VOX urge a la Diputación a crear un plan para resistir 72 horas de 'cero eléctrico'
La proposición, que se debatirá el 28 de noviembre, culpa a la "transición ecológica impuesta" de la crisis energética y pide una autoevaluación, una red de generadores y "refugios energéticos" en la provincia

Ángel Martín, diputado provincial de Vox.
El Grupo Provincial Vox en la Diputación de Burgos ha presentado una proposición, que será debatida en el pleno provincial de este viernes, busca blindar a la provincia ante un escenario de apagón prolongado. El portavoz de la formación, Ángel Luis Rivas, ha solicitado a través de la misma la adopción de medidas que garanticen una "autonomía mínima de 72 horas" para los servicios esenciales. La iniciativa ha surgido, según expone el líder del grupo, ante una "sociedad crecientemente dependiente" de un suministro eléctrico que se ha vuelto "peligrosamente inestable".

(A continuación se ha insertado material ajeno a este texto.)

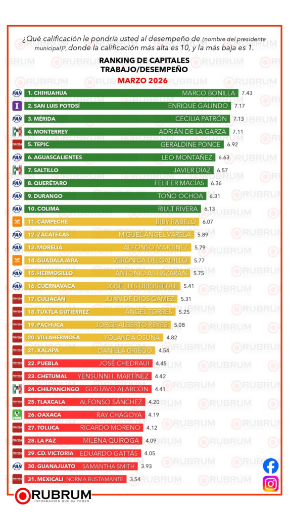 La evaluación completa: https://rubrum.info/evaluacion-ciudadana-en-31-capitales-estatales-marzo-2026/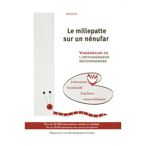 Il y a quelques semaines je me suis « enfin » procurée le Vadémécum de l’orthographe recommandée, mieux connu sous le nom du Millepatte sur un nénufar. Je dis « enfin » parce que je baigne dans les départements de langue française, que ce petit truc existe depuis 2005 et que je ne l’avais pas encore dans ma bibliothèque; et non parce que ça me tentait particulièrement de l’avoir!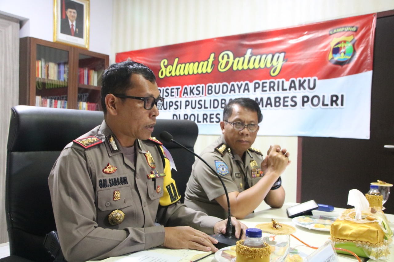 Kunjungan Tim Puslitbang Polri ini bertujuan melakukan penelitian dalam bentuk riset aksi tentang budaya anti korupsi anggota Polri.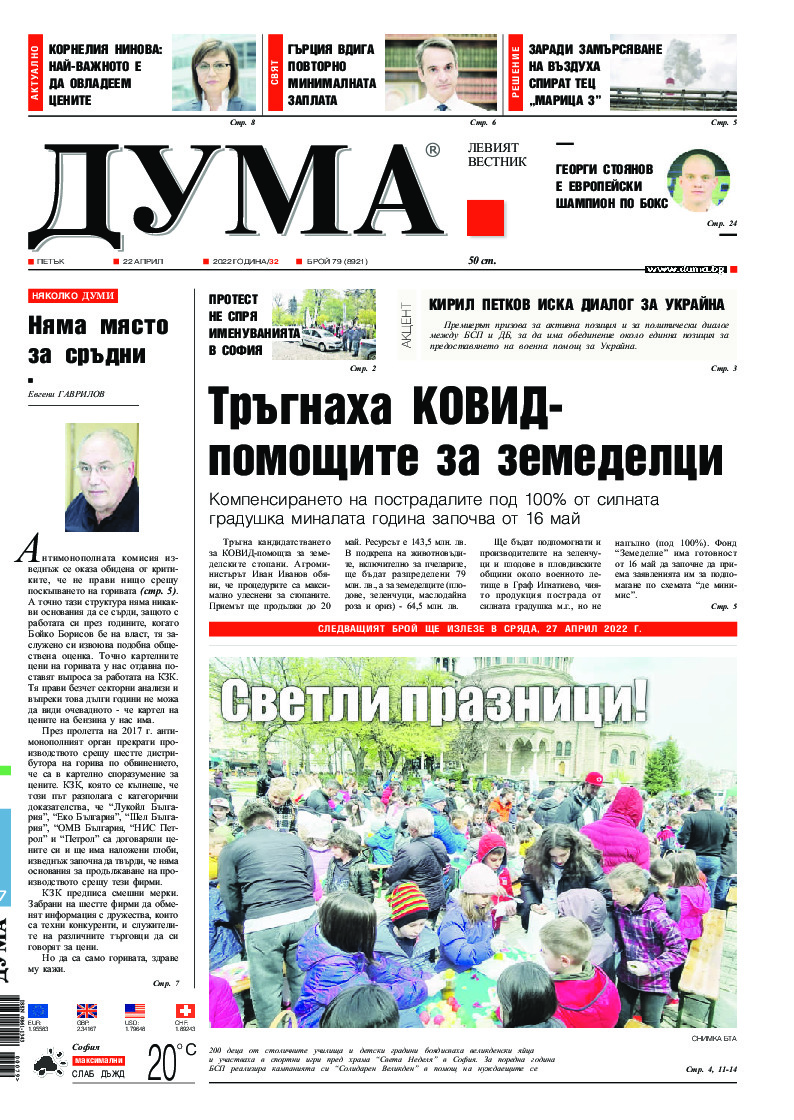 АБОНАМЕНТ за вестник „ДУМА“ за 2026 година. Можете да се абонирате в: „Български пощи“ АД до 15 декември 2025 г., „Доби прес“ ЕООД до 28 декември 2025 г., в редакцията на вестника до 20 декември 2025 г. Каталожен номер 6. Цени: 12 месеца - 149 € / 291,42 лв., 6 месеца - 75 € / 146,69 лв., 3 месеца - 40 € / 78,23 лв., 1 месец - 14 € / 27,38 лв. За повече информация тел. 02 9705 203 и 02 9705 216 отдел „Разпространение” на в-к ДУМА на ул. „Позитано” 20 А. E-mail: abonament@duma.bg АБОНАМЕНТ за вестник „ДУМА“ за 2026 година. Можете да се абонирате в: „Български пощи“ АД до 15 декември 2025 г., „Доби прес“ ЕООД до 28 декември 2025 г., в редакцията на вестника до 20 декември 2025 г. Каталожен номер 6. Цени: 12 месеца - 149 € / 291,42 лв., 6 месеца - 75 € / 146,69 лв., 3 месеца - 40 € / 78,23 лв., 1 месец - 14 € / 27,38 лв. За повече информация тел. 02 9705 203 и 02 9705 216 отдел „Разпространение” на в-к ДУМА на ул. „Позитано” 20 А. E-mail: abonament@duma.bg

En este sentido, Martín ha achacado la situación a una "grave crisis energética", que considera "consecuencia directa de una transición ecológica impuesta de forma dogmática e irresponsable". Así, el portavoz de Vox ha criticado “las políticas socialistas que han priorizado la ideología sobre la soberanía energética, desmantelando fuentes fiables como la nuclear”, una energía reconocida ahora como energía verde por la Unión Europea”, al tiempo que ha aumentado la dependencia exterior.
El diputado de la formación de derecha ha advertido que el riesgo de un gran apagón "no es una hipótesis lejana, sino una amenaza real y tangible", citando como prueba el incidente ocurrido "en la primavera de este mismo año".
De esta manera, y según ha relatado Martín Rivas, la proposición subraya la vulnerabilidad específica de la provincia de Burgos, con su "extensa dispersión geográfica" y la dependencia del "mundo rural" de servicios críticos como el bombeo de agua potable, las comunicaciones o la refrigeración en explotaciones ganaderas. Un escenario de "cero eléctrico" de 72 horas, ha advertido, sería actualmente "catastrófico".
Para evitarlo, Vox ha propuesto una estructura de siete puntos clave, siendo el primero la realización de una autoevaluación de resiliencia en un plazo de seis meses. Esta auditoría deberá cubrir las residencias y centros asistenciales, mediante la comprobación de generadores, SAIs y combustible para equipos críticos (respiradores, refrigeración de medicación,etc); el sistema provincial de comunicaciones, mediante un plan "por capas" que incluya desde redes ordinarias hasta sistemas de radio profesional y satélite; la red de carreteras, garantizando el stock de combustibles y sal para la maquinaria de vialidad; los centros de datos (CPD), asegurando la autonomía de sistemas esenciales como las nóminas, el padrón o los servicios sociales; y el ciclo integral del agua, evaluando la dependencia energética de bombeos y depuradoras municipales.
Más allá de la evaluación, los integrantes del grupo Vox han propuesto otras acciones concretas. Entre ellas, Martín ha destacado la creación de un "Comité Provincial Permanente de Resiliencia Energética", un órgano técnico-político encargado de crear y supervisar el plan, realizar simulacros y mantener un inventario de recursos.
La propuesta incluye también la creación de una "red logística provincial de apoyo energético", que contemple un inventario de grupos electrógenos móviles y baterías para un despliegue rápido en municipios y centros críticos, un aspecto que Ángel Martín ha entendido como esencial ya que “se trata de conocer y tener localizados los medios con los que contamos, muy posiblemente no necesitemos gastar más”.
Destaca también el punto cuarto, que ha pedido establecer "puntos o refugios energéticos" en edificios públicos como polideportivos, bibliotecas o parques de bomberos. Estos espacios deberían contar con generador y comunicaciones para "acoger a personas vulnerables (mayores, electrodependientes) temporalmente", según ha asegurado el portavoz de la formación verde. Un aspecto en el que el propio Martín Rivas ha entendido importante el nuevo centro proyectado en Fuentes Blancas.
Finalmente, el plan pretende completarse con el apoyo técnico a los ayuntamientos, una evaluación económica del mismo con un plan de inversión escalable en un plazo de ocho meses y, por último, instando a la Junta de Castilla y León a habilitar líneas de subvención específicas para financiar estas medidas de resiliencia energética tanto a diputaciones como a ayuntamientos de Castilla y León.